Remembering El Salvador
The American Airlines flight I am in banks to the right. I can see the San Salvador city lights far into the horizon. As the plane begins its descend it goes into a roller-coaster-like ride. We go high into the clouds. The airliner then dives and comes dangerously close to the ground. It climbs back up again.
Suddenly, I can see the ground coming up towards me. This time the pilot cannot recover and the plane crashes. I walk out of the plane and stroll along a road with fields of flowers to the left and right. I look ahead, and I see Ricardo Solé Salaverria, the young director of Las Tiendas Mabellas walking towards me. He greets me with a handshake and tells me he is going to drive me to my hotel.
With my heart palpitating and completely soaked in sweat, I wake up. I sit up in bed thinking about all the times I flew to this city, the capital of El Salvador; a small Central American country the size of New Jersey with barely 6 million inhabitants. A country that has suffered through a bloody civil war and torn by constant political violence.
Knowing my attempt to go back to sleep would be futile, I get up, put on a pair of shorts, step into my flip-flops and go into the kitchen to make a cup of coffee.

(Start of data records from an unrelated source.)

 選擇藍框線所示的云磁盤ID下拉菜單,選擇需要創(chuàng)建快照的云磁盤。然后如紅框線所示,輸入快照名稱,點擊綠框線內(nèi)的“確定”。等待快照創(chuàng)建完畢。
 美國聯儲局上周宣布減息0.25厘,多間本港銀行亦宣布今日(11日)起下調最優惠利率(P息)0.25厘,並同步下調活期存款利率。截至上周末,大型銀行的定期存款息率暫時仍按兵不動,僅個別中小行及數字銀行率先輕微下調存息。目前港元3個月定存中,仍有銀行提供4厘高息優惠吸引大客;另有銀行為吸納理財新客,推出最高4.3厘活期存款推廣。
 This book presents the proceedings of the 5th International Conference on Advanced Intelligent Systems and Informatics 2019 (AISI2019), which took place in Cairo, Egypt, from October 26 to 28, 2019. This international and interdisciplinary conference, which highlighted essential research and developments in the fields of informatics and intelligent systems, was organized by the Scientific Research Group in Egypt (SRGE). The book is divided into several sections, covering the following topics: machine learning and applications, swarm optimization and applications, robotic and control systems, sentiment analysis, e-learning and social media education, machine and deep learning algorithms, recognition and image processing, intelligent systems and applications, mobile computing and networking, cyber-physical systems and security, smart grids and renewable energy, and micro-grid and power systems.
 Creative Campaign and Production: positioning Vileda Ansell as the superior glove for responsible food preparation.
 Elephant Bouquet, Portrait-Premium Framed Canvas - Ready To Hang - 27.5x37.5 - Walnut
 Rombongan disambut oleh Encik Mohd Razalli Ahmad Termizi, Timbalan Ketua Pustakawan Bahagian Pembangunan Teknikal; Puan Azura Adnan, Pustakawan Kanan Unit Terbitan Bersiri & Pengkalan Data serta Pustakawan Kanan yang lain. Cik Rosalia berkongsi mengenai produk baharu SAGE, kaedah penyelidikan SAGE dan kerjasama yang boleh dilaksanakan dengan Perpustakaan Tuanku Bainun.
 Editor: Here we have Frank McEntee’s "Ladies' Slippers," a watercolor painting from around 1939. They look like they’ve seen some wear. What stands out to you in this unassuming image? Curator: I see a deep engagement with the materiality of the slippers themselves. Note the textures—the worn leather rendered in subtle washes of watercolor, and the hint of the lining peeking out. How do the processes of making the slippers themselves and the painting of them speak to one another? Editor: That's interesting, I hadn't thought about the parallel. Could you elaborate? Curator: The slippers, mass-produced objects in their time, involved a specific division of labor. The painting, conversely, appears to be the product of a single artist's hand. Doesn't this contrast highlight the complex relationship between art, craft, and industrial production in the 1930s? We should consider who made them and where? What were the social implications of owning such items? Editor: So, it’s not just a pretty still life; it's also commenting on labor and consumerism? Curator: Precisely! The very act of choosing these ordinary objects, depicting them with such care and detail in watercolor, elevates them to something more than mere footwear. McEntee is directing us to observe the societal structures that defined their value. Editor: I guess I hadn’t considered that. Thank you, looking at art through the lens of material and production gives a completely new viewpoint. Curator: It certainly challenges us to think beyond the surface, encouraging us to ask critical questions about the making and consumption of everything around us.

As I sit in the dimmed lights of my living room, I sip my espresso and start remembering the various times I traveled to San Salvador, and one event popped into my mind.
Back in 1992, I worked for the Latin American division of a large U.S. multi-national company. The company owned manufacturing facilities globally, including Mexico, Peru and Brazil, which were under our supervision. We oversaw these operations plus managed all the marketing and sales efforts throughout the region, which included the countries south of the U.S. plus the Caribbean.

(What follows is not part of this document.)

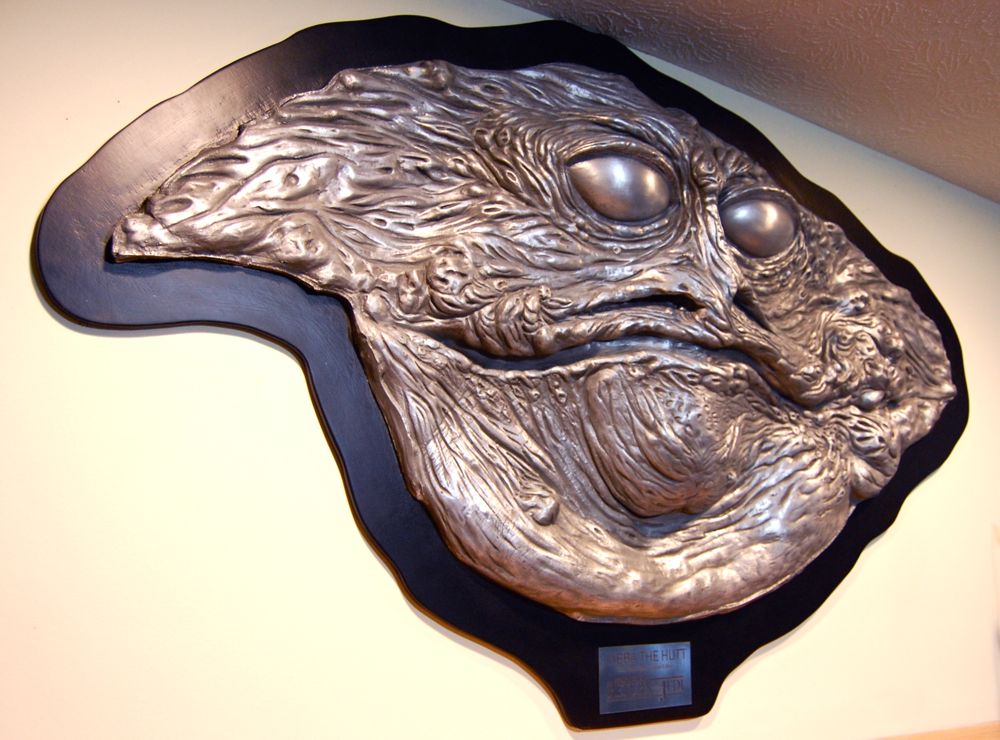 This is a bust (or more accurately, a wall hanging) made by John Coppinger, who sculpted the original Jabba the Hutt puppet. The original puppet was scrapped a while after Return of the Jedi ended. This always seemed strange to me, since Lucasfilm keeps a lot of stuff for its archives. But according to John, parts of Jabba’s latex skin were already deteriorating even then — mostly the parts that touched the throne. So maybe this decay along with the huge unwieldy size of the puppet made them decide to scrap it. In any case, John had the foresight to save one latex test casting from the original sculpt — a skin just like they used in the film, but unpainted.

When I first joined the company, as the new-hire, I was given the toughest countries to oversee. From Mexico down to Costa Rica; then jumping over to Peru, Bolivia, and Chile. Costa Rica and Chile were great countries to cover. The rest, not quite so much. Especially troublesome were the Central American countries experiencing left-wing insurgencies, and Peru which was in the midst of an insidious insurrection by a Maoist group called “El Sendero Luminoso” or Shining Path.
The event I remembered started one afternoon when Laura, our division administrator, came in my office to inform me that Ricardo Solé Salaverria, the same person in my dream, was on hold on line 2 waiting to speak with me. Ricardo was an important customer from El Salvador and a member of the powerful Salaverria family.

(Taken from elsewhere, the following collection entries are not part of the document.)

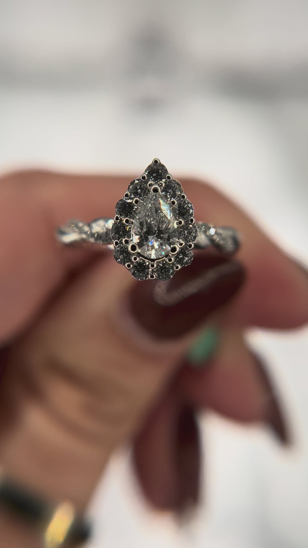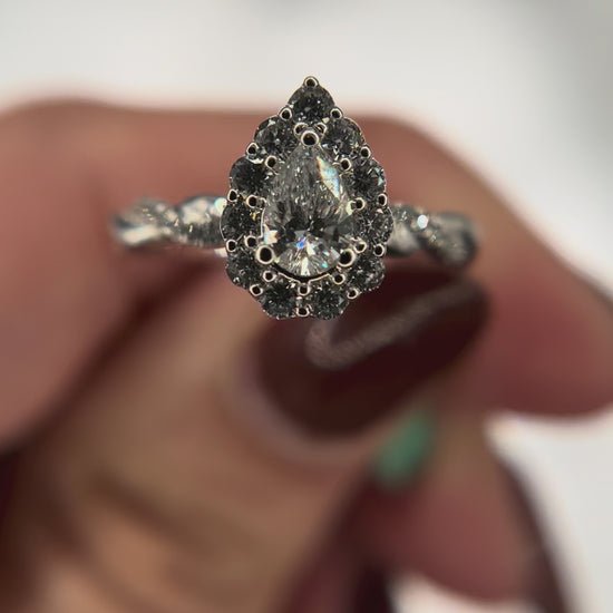 14K White Gold Lab Grown .40ct Pear Center Twist Ring with Round Halo
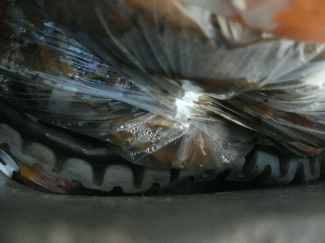 Der rosa Inhalt war ein aufgeplatztes Kopfkissen von Anja, das prima die Müllbrühe aufgesogen hat. ;)
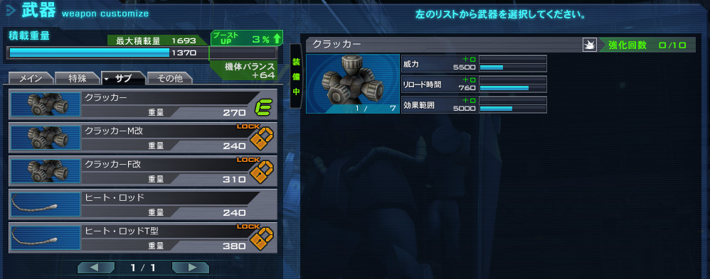 うーん、ちょっといまいちなんだよなぁ。悪くは無い。でも良くも無い?いや、でも決して悪い機体じゃない。でもコスト300はちょっと重い。これでコスト280なら最高だったよねー。でも機体の硬さからいうとやっぱり300かな。シールドもあるし、ブーストチャージも高め。(これもあくまで高めであって、高く無い。イフリートの初期値は260。高い。)ブースト容量もかなり高い。

Since the 1830s, El Salvador has been run by a group of families called simply, the “fourteen families.” They represented an oligarchy deriving their wealth from land ownership and coffee plantations in which they exercised their power fundamentally as feudal lords. The immense wealth they acquired made them exceedingly influential politically and socially.
Their political influence was so great in the mid-1800s, these families were granted super-majority power in the national legislature. This meant they controlled 60% of all available congressional spots; an amazing display of the type of political dominance that allowed them to exploit the tenant farmer class in perhaps the cruelest fashion in all Latin America.
Over the years these powerful families transformed themselves from landowners to financiers. While they still owned large portions of the land, when the agrarian reform movements of 1979 began to make their way through the legislature, they divested themselves of many of the coffee plantations they owned. In turn investing their fortunes into banking, retail, wholesale operations, hotels, malls and car dealerships.
A lot of their money went into bank accounts in South Florida or invested into the U.S. stock market. Many of the older members of these various families followed their fortunes by acquiring permanent U.S. visas and making residence in Miami.
This decision to divest themselves of their land and move to the U.S., was impelled by the many kidnappings and assassinations they suffered in the mid-1980s at the hands of the Farabundo Marti Liberation Front (FMLN), or by the many other left-wing insurgent groups that operated in the country.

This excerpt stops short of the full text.